Opinion — Equality evolution

by The City Wire staff ([email protected]) 97 views 

America – the way I grew up thinking of America – is supposed to be a continually unfolding story where everyone has an equal opportunity to achieve their heart’s desire on a magnificent scale.

Real, legitimate equality is something our country has struggled with time and again. Be it religion, race, age, physical handicap, or efforts down through the centuries to prevent a person’s right to participate in the democratic process, Americans have battled entitlement at every turn, from fighting to end slavery to extending voting rights to women.

But time has a way of breaking down those institutional barriers opponents try to build up. It is true that common sense may not win those first battles, but it does usually win the war. Thank goodness – or else we would still be walking around believing the Earth is flat, and wondering if human flight is possible.

Our society’s ongoing debate over same-sex marriage is another such struggle.

Making headlines once again, this always controversial topic could eventually be heard by the U.S. Supreme Court thanks to a recent ruling by the U.S. 9th Circuit Court of Appeals. The ruling upholds a lower court’s declaration that California voter’s 2008 decision to ban same-sex marriage is unconstitutional. According to the court, the ban violates the Constitution’s Equal Protection Clause.

“All that Proposition 8 accomplished was to take away from same-sex couples the right to be granted marriage licenses and thus legally to use the designation ‘marriage,’” Judge Stephen Reinhardt wrote in this week’s decision. “Proposition 8 serves no purpose, and has no effect, other than to lessen the status and human dignity of gay men and lesbians in California.”

Six states, plus the District of Columbia, allow same-sex marriage, and reports tag Washington State as being next in line. For the record, Arkansans adopted a constitutional amendment eight years ago that defines marriage as a union between one man and one woman.

Hopefully we can agree that these days our nation has many serious problems to deal with. Various subjects come to mind, whether it be a seemingly untamable federal deficit, a recalcitrant Congress incapable of decisive action, a tax code that requires revision, a want for immigration reform, an anemic housing market, a much too healthy unemployment rate, and a group of Super PACs (led by a handful of extremely wealthy individuals) who are using the 2010 Citizens United ruling to purchase this year’s presidential election.

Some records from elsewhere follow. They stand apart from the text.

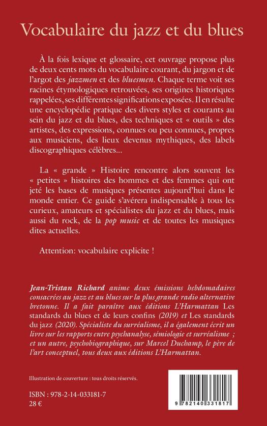 À la fois lexique et glossaire, cet ouvrage propose plus de deux cents mots du vocabulaire courant, du jargon et de l'argot des jazzmen et des bluesmen. Chaque terme voit ses racines étymologiques retrouvées, ses origines historiques rappelées, ses différentes significations exposées. Il en résulte une encyclopédie pratique des divers styles et courants au sein du jazz et du blues, des techniques et outils des artistes, des expressions, connues ou peu connues, propres aux musiciens, des lieux devenus mythiques, des labels discographiques célèbres... La grande Histoire rencontre alors souvent les petites histoires des hommes et des femmes qui ont jeté les bases de musiques présentes aujourd'hui dans le monde entier. Ce guide s'avérera indispensable à tous les curieux, amateurs et spécialistes du jazz et du blues, mais aussi du rock, de la pop music et de toutes les musiques dites actuelles. Attention: vocabulaire explicite !
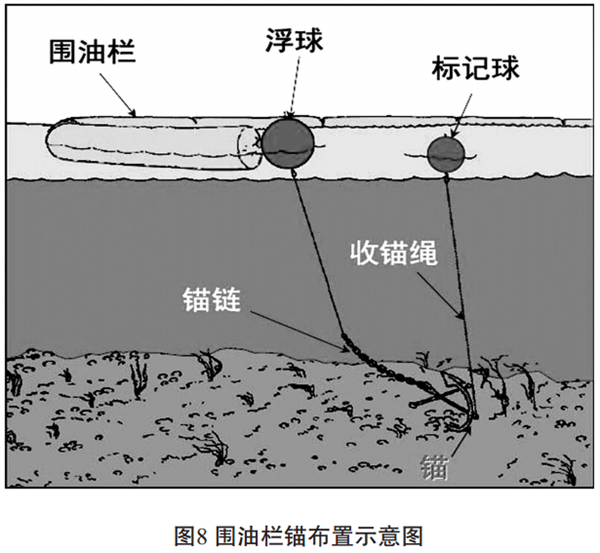 在河流中布放圍油欄, 為了確保圍油欄保持理想的角度, 需要使用錨來(lái)固定圍油欄, 見(jiàn)圖8。具體需要使用多少錨, 可以根據圍油欄的長(cháng)度、欄裙高度、 圍油欄和水流之間的相對速度及錨的種類(lèi)來(lái)計算。
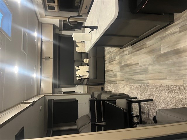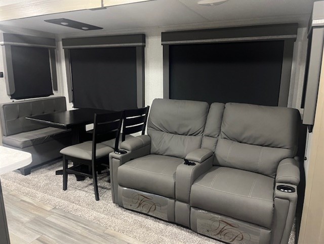 As you enter notice the spaciousness inside with dual opposing slide outs on either side of the unit. The slide to your left of the entry door features a free standing dinette (pictured) along with an entertainment center, 40" TV and fireplace including overhead cabinets.
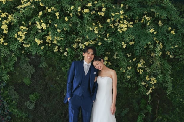 彼がカメラの前で笑うのが苦手なのですが、ふとした瞬間の笑顔をばっちりと撮っていただいていたので、自然な笑顔の素敵な写真になっていました。また、モノクロや物陰からの撮影など少しオリジナリティがあるバージョンも撮っていただき、プロならではの写真に仕上がっていたのも気に入りました。
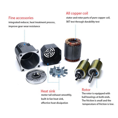- 15W Gear Motor: 70mm*70mm*134mm, Axis Length 30mm
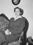 Mrs. J. Harrold Evans, has returned from Seattle, where she spent the summer with her husband, Lieutenant Evans, stationed there with the Army. She is sitting on a sofa wearing a skirt suit. Published in Fort Worth Star-Telegram, morning edition, September 15, 1943.

These public policies qualify as legitimate worries. The prospect of same-sex marriage, however, does not – or at least it should not. And while taking sides could certainly cost a politician votes, by no means should it keep the electorate up nights.

Mind you, it ought to be the right of every house of worship to decide its membership, as well as those who will participate in its numerous religious ceremonies, including marriage. If the Catholic church, the Baptist church, and so forth have no wish to sanction same-sex marriage on their premises, they should not be forced to.

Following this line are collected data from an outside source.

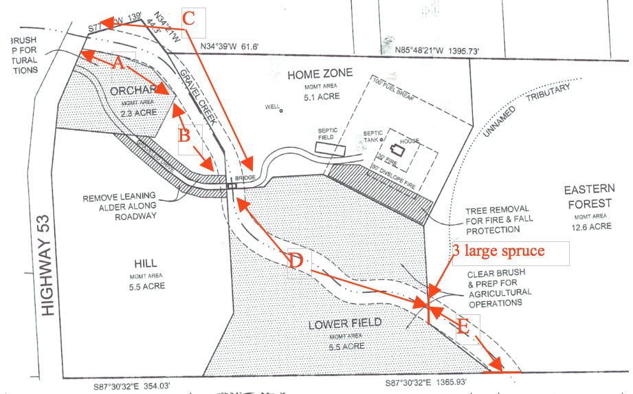 They have a wide array of plant species available, and were interested in our opinions and requirements for the project. After doing development work in the Peace Corps, I recognize this as a healthy attitude. If you don’t have enthusiastic owner buyoff, you don’t really get sustainability. Here we see the proposed plant mix for the project. They designed the species mix, all we asked was that they not use cottonwood, and we like hemlock and cedar so to go heavier on those, within the normal bounds of what was appropriate. They also adjusted the width of their work area to accommodate our planned land uses. For example, they are only working within 15 feet of the creek at the orchard area, but are working out to 50 feet the lowland areas.
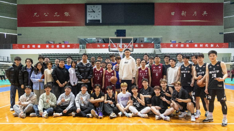 活动中,公司教工篮球队2023年总冠军队——首届五虎杯获得者周恩来政府管理学院篮球队、公司员工篮球队和周鹏共同开展了一场篮球友谊赛,比赛现场气氛热烈,抢断、突破、跳投,行云流水的动作一次又一次地引爆了现场的气氛,一阵阵欢呼呐喊声和掌声响彻篮球馆。
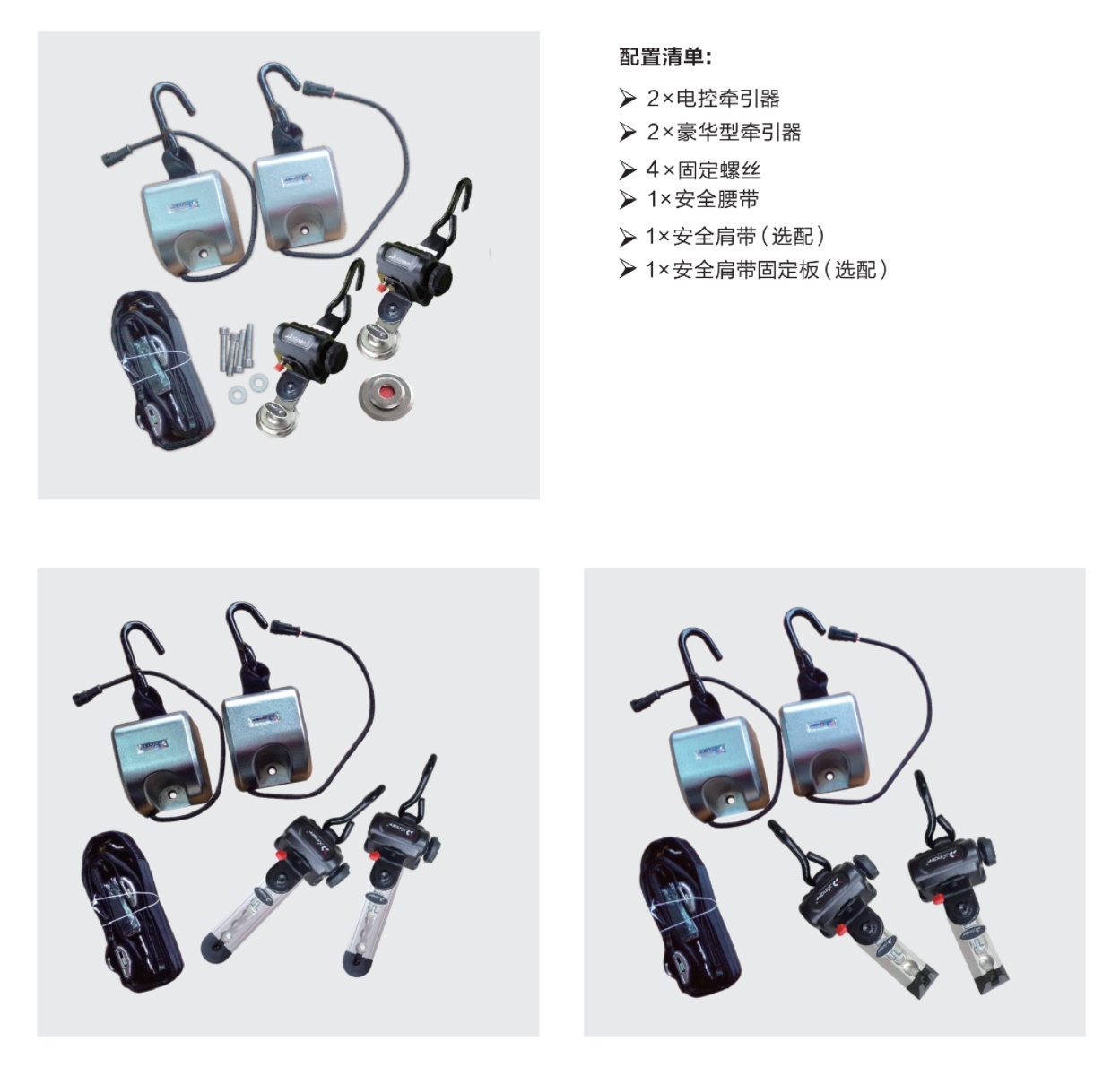 X-806x系列電控輪椅固定裝置前端2點(diǎn)采用電控牽引器,后端2點(diǎn)可搭配X800系列牽引器一起使用。
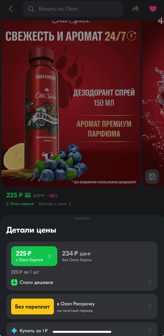Но на Ozon он будет дешевле на 9 рублей, если оплатить заказ картой Ozon, но его необходимо оплачивать сразу! : https://ozon.ru/t/OqycXSF

But inside our public edifices, the ones built with public money and standing atop public lands and run by public employees, the rules should be different. Here, people should be required to adhere to a basic set of laws that treat us, and see us, in the same light.

A same-sex marriage ban like California’s Proposition 8 fails that test. It seems to say that a specific minority does not deserve the same legal protections readily available to everybody else. It says, in effect, that same-sex couples do not deserve full access to the American dream – only most of it.

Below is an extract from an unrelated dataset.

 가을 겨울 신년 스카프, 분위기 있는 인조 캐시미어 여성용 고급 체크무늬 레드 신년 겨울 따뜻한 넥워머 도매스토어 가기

Surely efforts to block equality can have nothing to do with protecting the sanctity of marriage – not in a country where the divorce rate among straight couples has been flirting with the 50% mark for years. Or maybe some folks just find it easier to make sense of a world where there must always be obstacles like Proposition 8, always a vague us against them topic to be merrily batted around.

Funny thing is, we don’t have to be this way. We need not spend our lives sharpening verbal spears and building impregnable walls of legality between us. We really could use our waking hours in an effort to build bridges – or, if that is too difficult, by simply not standing in the way of someone else’s efforts to lead a richer life.

It may very well take decades for same-sex couples to win equal rights in regards to marriage. But should such a reality ever come to pass, this turn of events will not destroy our churches and families. Instead, phrases like “Life, Liberty, and the Pursuit of Happiness” will ring just a little truer to a few more of our fellow Americans.

Best of all, acceptance of what appears to be a long-term inevitability (if the ongoing expansion of human rights around the world is any indication) would actually give us one less thing to argue about, something we could all surely benefit from these days.

Worrying so mightily over preconceived notions of what some citizens deserve and others do not when it comes to our individual private lives is a wonderful waste of willpower. America and Americans are so much better than that.